Data items:
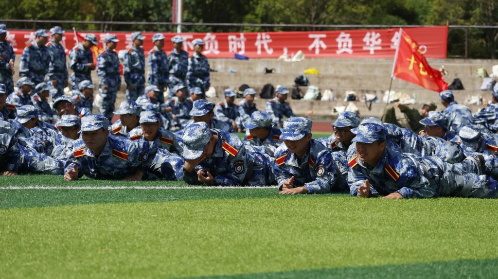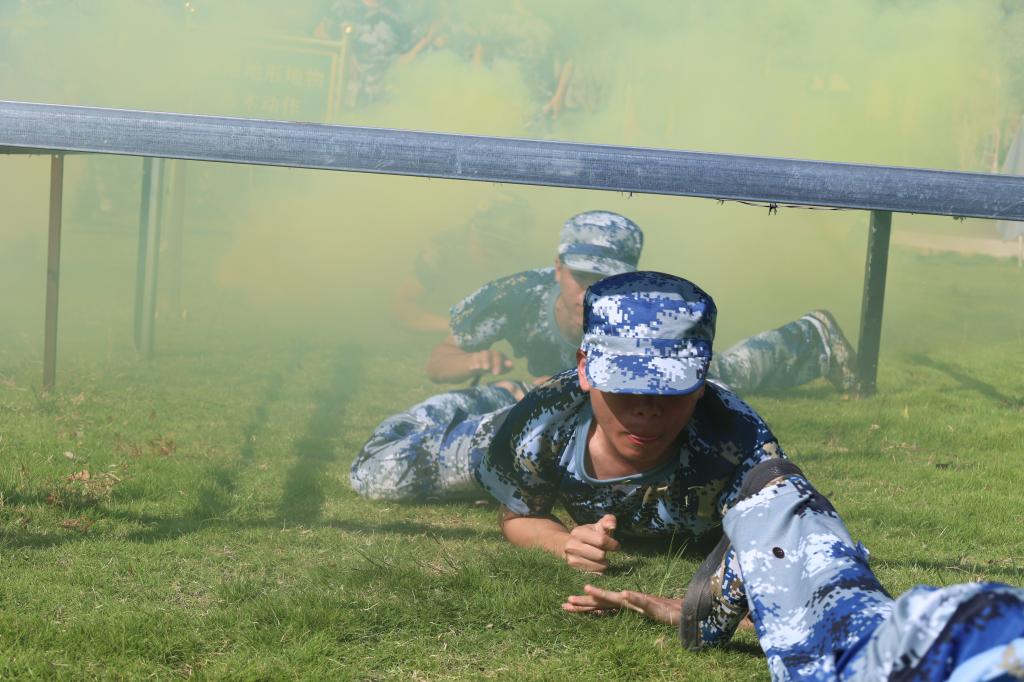 在战场上,局势瞬息万变,危险随时可能出现。低姿匍匐、匍匐前进作为有效降低身体高度、减少暴露面积的关键手段尤为重要。保持匍匐在地的动作并不轻松,面对疲惫,骄阳下的每一个桂工学子给出的答卷都是:标准规范、坚持到底。
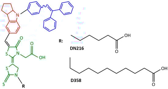 Despite extensive work to improve photovoltaic characteristics of the TiO2 photoanode, little information has been obtained about the quantitative effect of post-TiCl4 treatment and sensitization processes on the dye-regeneration kinetics (process (4) in Figure 1). In this regard, scanning electrochemical microscopy (SECM) provides an evaluation of the dye regeneration rate constant (kox) for process 4 in Figure 1, that measures the ability of the mediator to reduce the photo-oxidized dye adsorbed on the photoanode [29,31,32]. In this work, SECM analysis is applied to passivated TiO2 photoanodes sensitized with the all-organic dye molecules D358 or DN216 (Figure 2) [33,34]. These molecules have an aliphatic chain terminated by a carboxylic group that attaches it to the semiconductor surface. A long anchoring chain prevents dye-aggregation [35] and reduces ET of eCB to the oxidized form O of the mediator [36,37] by limiting the proximal approach of O, e.g., [Co(bpy)3]3+, to the semiconductor surface [2,38]. However, sterically demanding dyes can hinder the diffusion of the mediator in the pore space (internal diffusion), a trend that is expected to become more relevant for sterically demanding mediators like [Co(bpy)3]2+/3+ and photoanodes with smaller pores [39]. This would result in less effective dye-regeneration kinetics. The steady-state approach curves in the SECM feedback modes combined with a kinetic model introduced before for the evaluation of the dye regeneration in sensitized TiO2-based photoanodes by cobalt-based mediators [32] provides a rate constant kox that is again an effective constant bearing a relation to structural features that influence the internal diffusion of the mediator in the porous photoanode.
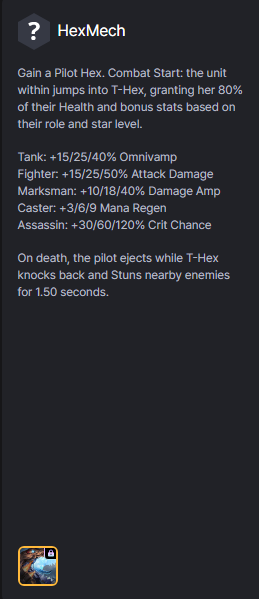 Nhận 1 ô Phi Công. Bắt đầu giao tranh, tướng ở ô Phi Công nhảy vào T-Hex, cho nó 80% Máu và chỉ số thêm dựa trên Vai Trò và cấp sao của chúng.
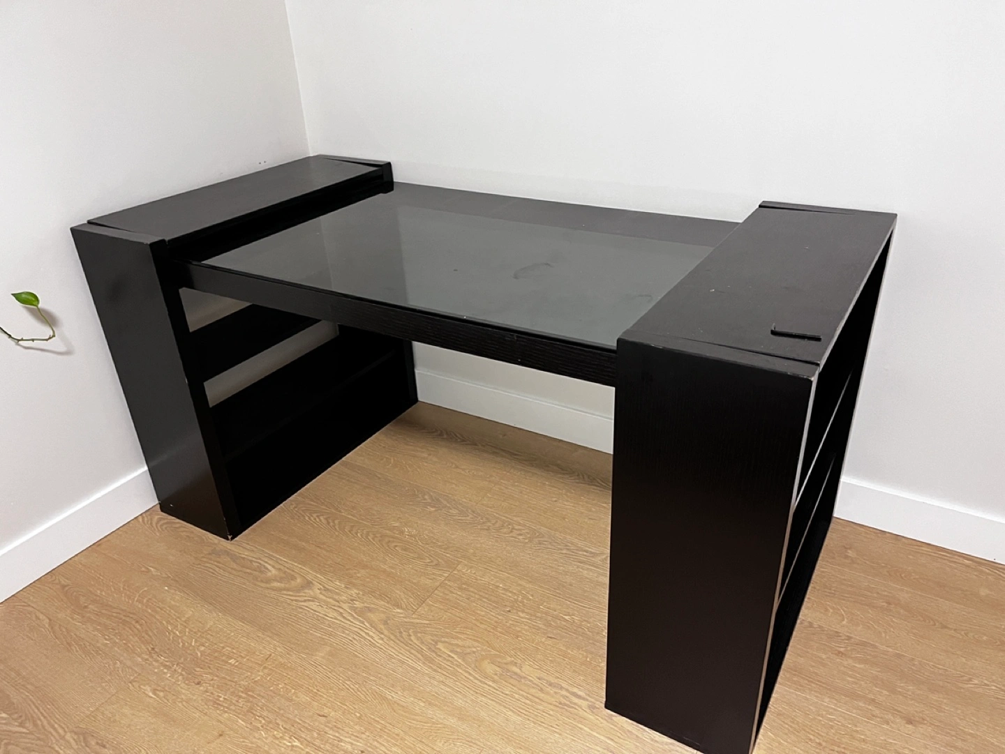 EQ3 Modern computer desk. Black frame, glass top. Open shelving on either side. Minimalist design. Perfect for home office or small space.
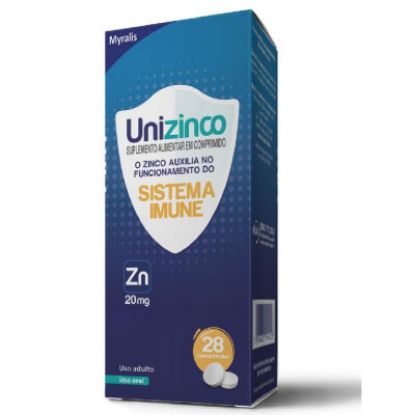 Unizinco 20mg c/ 28 Comprimidos - Unizinco contém 20 mg de zinco elementar, mineral reconhecido por contribuir para o fortalecimento do sistema imune, mantendo o sistema de defesa do corpo forte e eficiente e prevenindo o desenvolvimento de certas doenças.
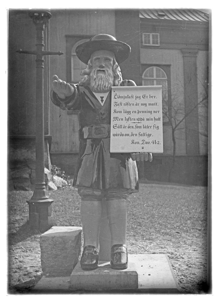 Bilden förställer skulpturen av Rosenbom som står framför Amiralitetkyrkan i Karlskrona.
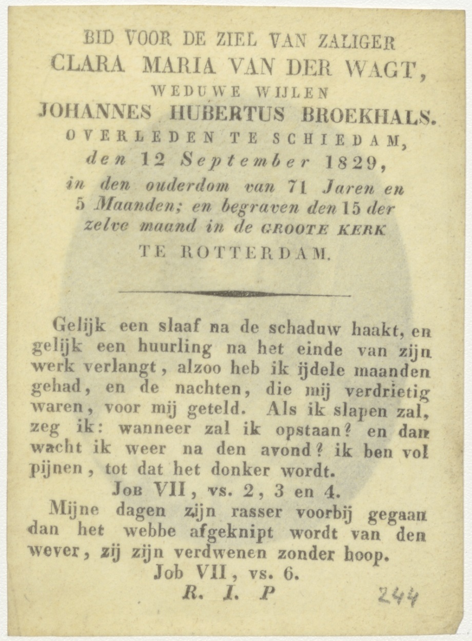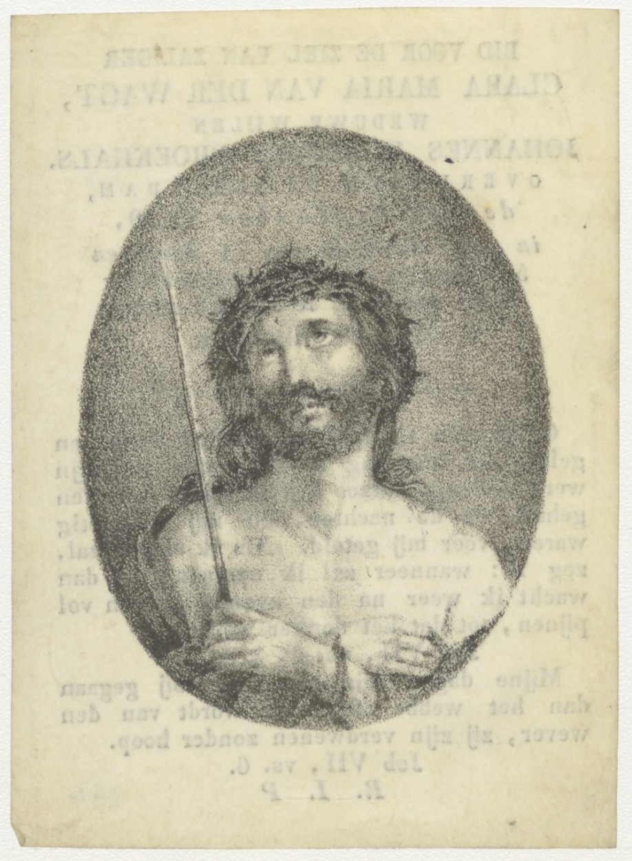 Christus met doornenkroon, kz. bid voor ziel Clara Maria van der Wagt (+1829) Rotterdam, weduwe van Johannes Hubertus Broekhals
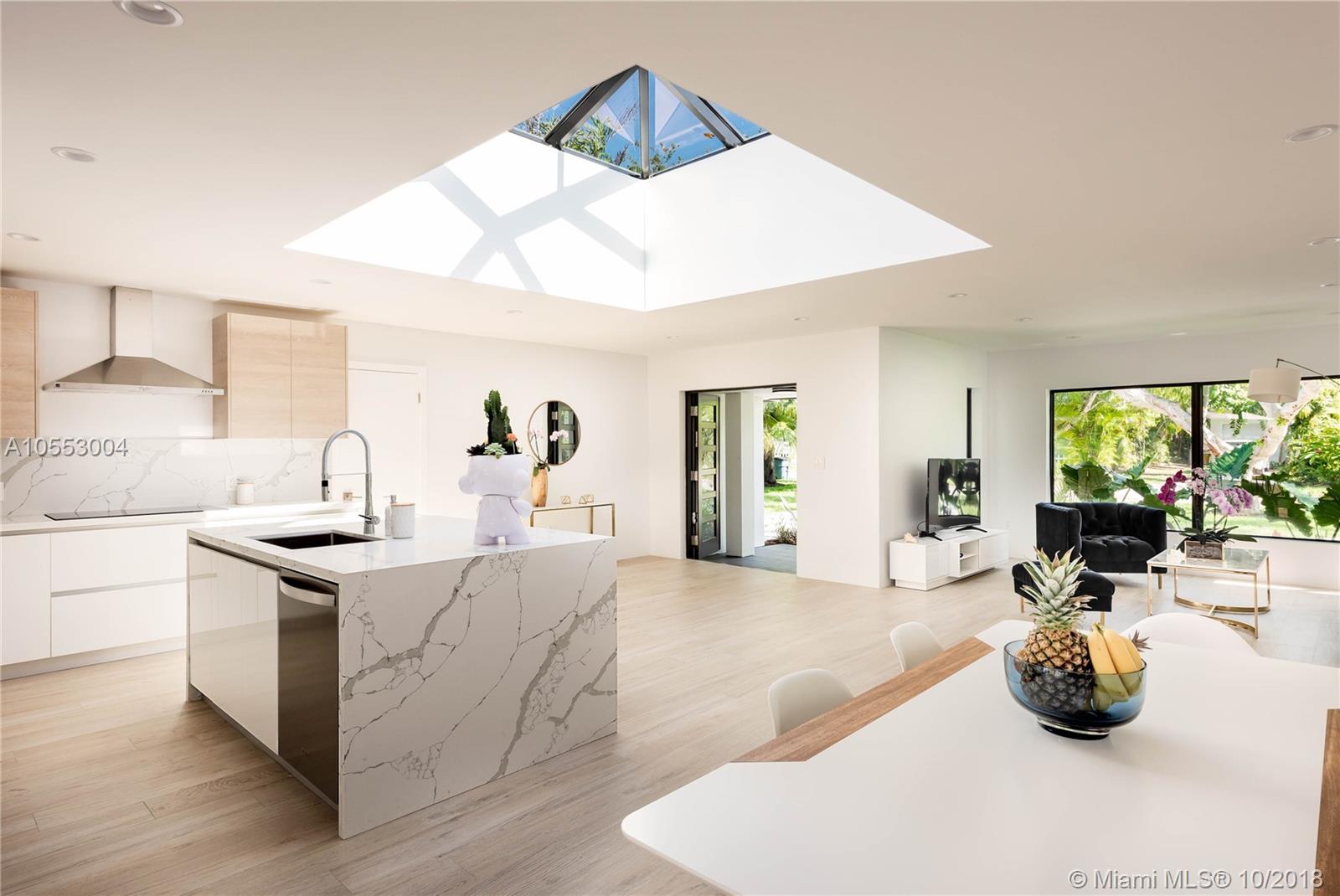 Dream house in Miami shore. Fully renovated with a unique 100sq/f Skylight on a quiet cul-de-sac street. Come to see this European style house made by a french designer. This stunning house features new roof, new high impact windows and steel double front doors, new A/C system and many more. The porcelain wood look tiles add a welcoming touch on this huge family room and integrated kitchen. The skylight, the numerous and large sliding doors transform the space into a true in/outdoor living experience. Come to see this breathtaking, modern and exclusive house. Other features: master suit with double shower and walking closet, big wood deck, outdoor patio, new garage, new pool resurfacing Inside tiles and stone, new sprinkler system, new driveway, and new inside and outside lighting system

### Task instructions
Verbatim copy with pictures excluded: write out the records above in full.

### Problem solution
 在战场上,局势瞬息万变,危险随时可能出现。低姿匍匐、匍匐前进作为有效降低身体高度、减少暴露面积的关键手段尤为重要。保持匍匐在地的动作并不轻松,面对疲惫,骄阳下的每一个桂工学子给出的答卷都是:标准规范、坚持到底。
 Despite extensive work to improve photovoltaic characteristics of the TiO2 photoanode, little information has been obtained about the quantitative effect of post-TiCl4 treatment and sensitization processes on the dye-regeneration kinetics (process (4) in Figure 1). In this regard, scanning electrochemical microscopy (SECM) provides an evaluation of the dye regeneration rate constant (kox) for process 4 in Figure 1, that measures the ability of the mediator to reduce the photo-oxidized dye adsorbed on the photoanode [29,31,32]. In this work, SECM analysis is applied to passivated TiO2 photoanodes sensitized with the all-organic dye molecules D358 or DN216 (Figure 2) [33,34]. These molecules have an aliphatic chain terminated by a carboxylic group that attaches it to the semiconductor surface. A long anchoring chain prevents dye-aggregation [35] and reduces ET of eCB to the oxidized form O of the mediator [36,37] by limiting the proximal approach of O, e.g., [Co(bpy)3]3+, to the semiconductor surface [2,38]. However, sterically demanding dyes can hinder the diffusion of the mediator in the pore space (internal diffusion), a trend that is expected to become more relevant for sterically demanding mediators like [Co(bpy)3]2+/3+ and photoanodes with smaller pores [39]. This would result in less effective dye-regeneration kinetics. The steady-state approach curves in the SECM feedback modes combined with a kinetic model introduced before for the evaluation of the dye regeneration in sensitized TiO2-based photoanodes by cobalt-based mediators [32] provides a rate constant kox that is again an effective constant bearing a relation to structural features that influence the internal diffusion of the mediator in the porous photoanode.
 Nhận 1 ô Phi Công. Bắt đầu giao tranh, tướng ở ô Phi Công nhảy vào T-Hex, cho nó 80% Máu và chỉ số thêm dựa trên Vai Trò và cấp sao của chúng.
 EQ3 Modern computer desk. Black frame, glass top. Open shelving on either side. Minimalist design. Perfect for home office or small space.
 Unizinco 20mg c/ 28 Comprimidos - Unizinco contém 20 mg de zinco elementar, mineral reconhecido por contribuir para o fortalecimento do sistema imune, mantendo o sistema de defesa do corpo forte e eficiente e prevenindo o desenvolvimento de certas doenças.
 Bilden förställer skulpturen av Rosenbom som står framför Amiralitetkyrkan i Karlskrona.
 Christus met doornenkroon, kz. bid voor ziel Clara Maria van der Wagt (+1829) Rotterdam, weduwe van Johannes Hubertus Broekhals
 Dream house in Miami shore. Fully renovated with a unique 100sq/f Skylight on a quiet cul-de-sac street. Come to see this European style house made by a french designer. This stunning house features new roof, new high impact windows and steel double front doors, new A/C system and many more. The porcelain wood look tiles add a welcoming touch on this huge family room and integrated kitchen. The skylight, the numerous and large sliding doors transform the space into a true in/outdoor living experience. Come to see this breathtaking, modern and exclusive house. Other features: master suit with double shower and walking closet, big wood deck, outdoor patio, new garage, new pool resurfacing Inside tiles and stone, new sprinkler system, new driveway, and new inside and outside lighting system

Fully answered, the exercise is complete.